The long-tailed koel have a loud and intense sound, a "shrill whistle"; it is sometimes called the "screamer".

== Distribution and habitat ==
Endemic to New Zealand, where they can be found on Little Barrier Island, the West Coast of the South Island, Nelson, and throughout the central North Island.

The long-tailed koel prefers to live in forest on mainland and near shore or offshore islands, from sea level. in mountainous areas, more often on vegetated ridges than in valleys. Usually in dense, closed canopy of native forests dominated by beech (Nothofagus), broadleaf species or podocarps or mixtures, with or without shrub layer. Usually surrounded by plantations of pines (Pinus). Can be around other vegetation such as mānuka (Lepotospermum scoparium) by rivers or forests or mountainous areas. Occasionally can be found in recreational parks, residential areas and gardens.

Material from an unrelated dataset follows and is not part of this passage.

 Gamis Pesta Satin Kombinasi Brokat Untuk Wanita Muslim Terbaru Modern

In New Zealand, the cuckoos live mainly in native forest, particularly up in the canopy. They also live in exotic pine plantations, scrub, cultivated land and suburban gardens. In the Pacific islands they live in lowland forest, gardens and coconut plantations. Individuals are usually solitary.

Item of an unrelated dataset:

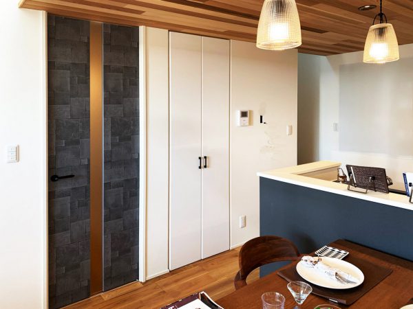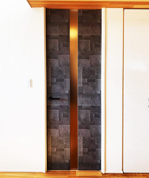 高感度なデザインのメラミン化粧板をリビングドアにしました

The long-tailed koel breeds only in New Zealand, where it is resident in the warmer months, from early October until February or March, sometimes April and occasionally later. The length of an average one-way journey from New Zealand to Polynesia is around 2500–3500 kilometres and thus travel over 6000 kilometers. For winter, the bird migrates to islands right across the southern Pacific. It is found year-round on the Kermadec Islands, the Norfolk Island group and the Lord Howe Island group, which are subtropical islands part way between the New Zealand mainland and the tropical Pacific Islands. The spread of its winter distribution is extraordinarily wide, stretching almost 11,000 km from Palau in the west to Pitcairn Island. Over most of its winter range, it is known by the indigenous name, kārewarewa (or local variations of this). In spring, the bird's routes of migration would almost certainly have served to guide the Polynesian ancestors of Māori to find New Zealand.

==Behaviour==

=== Breeding ===
Long-tailed koel have many partners during their lifetime. They mate and break-up easily. Males gain attraction from females through spanning their wings and fluttering them whilst calling.

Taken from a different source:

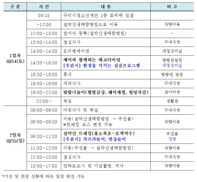 ** 1박 2일 동안 필요한 물품을 챙겨오시면 되고, 참고 사항 적어드립니다.

Male cuckoo have a high pitched sound and they are very territorial. You will hear them calling either to make known their territory to other birds or as a call for a mate. Female cuckoo are similar in their vocal intensity. Their behaviour is sexual and combative when mating. Male often display their wings or their ability to fly well when looking for a mate.

Cuckoos do not build their own nest or rear their young. The species is a brood parasite laying its eggs in the nests of Mohoua species mostly – whiteheads (M. albicilla) in the North Island and yellowheads (M. ochrocephala) and brown creepers (M. novaeseelandiae) in the South Island. They also lay in nests of robins (Petroica australis longpipes), tomtits (Petroica macrocephala toitoi), and one reported instance of laying in a New Zealand fantail nest. The eggs hatch before those of the host and the young chicks eject the eggs of the host. Long-tailed cuckoo chicks are able to mimic the calls of their host's chicks.

=== Feeding ===
The long-tailed koel mostly eats insects. It also eat bird eggs and nestling birds, adult birds as large as sparrows, New Zealand bellbirds and thrushes, and lizards. It occasionally eats fruit and seeds. Young birds are fed insects by their host parents.

The long-tailed koel hardly ever forage on the ground and instead forage at the top of trees or in shrubs. Foraging is mainly done at night.

== Predators ==
Long-tailed koels are an at risk species in New Zealand and are very uncommon. Predators include rats and stoats.

== In culture ==
Māori believed that the arrival of long-tailed cuckoos indicated that it was time to plant sweet potato or kūmara, and that their departure meant it was time to harvest them.